12-23-2022 01:48 AM - edited 12-23-2022 02:02 AM
The data are showed below (each row is the information about buyer)
Remark : The buyer do not repeat in each row but the seller do, and the seller may not from one of the buyer.
I want to create the node and edge as the following
i.e., the relation between buyer and seller. The following is the step and code
Step (1) Create buyer node (named as user)
Create (user:User {id:data.id, name:data.buyer, buyer = TRUE})
Step (2) Create seller node (named as user)
Create (user:User {id:data.id, name:data.seller, seller = TRUE})
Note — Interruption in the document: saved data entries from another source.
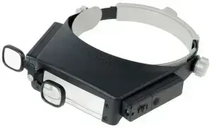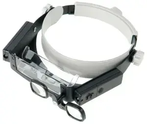 - Регулируемый обруч-фиксатор для головы, плотно держащий лупу на месте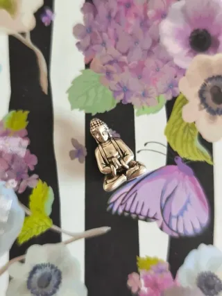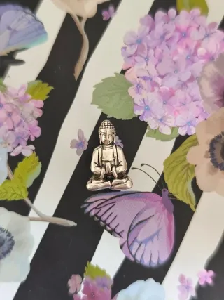 Pequeño charm con la figura de un Buda meditando. - Diseño detallado. - Acabado plateado.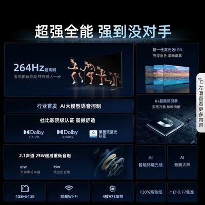 海信(Hisense)电视85E3N Pro 85英寸 264Hz高刷 智能高亮 AI语音 超薄智慧屏大屏平板电视机 目前活动价:8413元!

Step (3) Link the buyer and seller based on id
Match(n:User)
Match(p:User)
Where n.id = p.id AND n.buyer IS NOT NULL and p.seller IS NOT NULL
Step (4) Merge the duplicate node (i.e., merge the node where name is the same)
MATCH (n:User)
WITH n.name AS repeatname, collect(n) AS nodes
WHERE size(nodes) > 1
CALL{
WITH nodes
CALL apoc.refactor.mergeNodes(nodes,{properties:'combine'})
YIELD node
}
Then I can get the figure which I want successfully. However, I suffer from performance problem, since the data size is not just 5 but about 5 billion. The performance problem happen in step (4), i.e., apoc.refactor.mergeNodes. It take too much time (more than one day)
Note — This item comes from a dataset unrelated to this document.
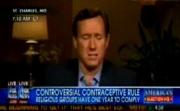 Cadaverous walking smirk Rick Santorum must still be high on endorphins from Tuesday's surprise threesome in some meaningless/game-changing voting things. Having seen how turgid the prospects of Abortionplexes and FEMA-officiated gay marriage have been making conservative voters of late, Santorum is preparing a new front in the Culture Wars that, incidentally, also feed and shod his family. So, uh, down with Barack Obama and his quest to force Catholics to ordain lady priests like a bunch of common Episcopalians!

Is there any other method (for example, do not need apoc.refactor.mergeNodes) that not only can spent less time (more performance) but also get the result of figure? I had tried the periodic method which make parallel compute but it still too much time.
Thanks a lot!
Solved! Go to Solution.
12-25-2022 12:36 PM
When 'merging', you should include only the parameters in the in the '{}' that represent the primary key of the node. In most cases, this is just one property that uniquely identifies the node. It can also be multiple properties, as would be the case for a composite primary key. I think in your case, the primary key is just the 'name'. As such, you only want to include the name in the 'merge' clause, to avoid duplicates as the other properties change. I suggest something like this, where you 'merge' only one the entity's primary key, and use 'set' to set all the remaining properties.
merge(b:User{name:data.buyer})
set b.property = data.aaa
merge(s:User{name:data.seller})
set s.property = data.bbb
merge(b)-[t:PURCHASED_FROM{id:data.id}]->(s)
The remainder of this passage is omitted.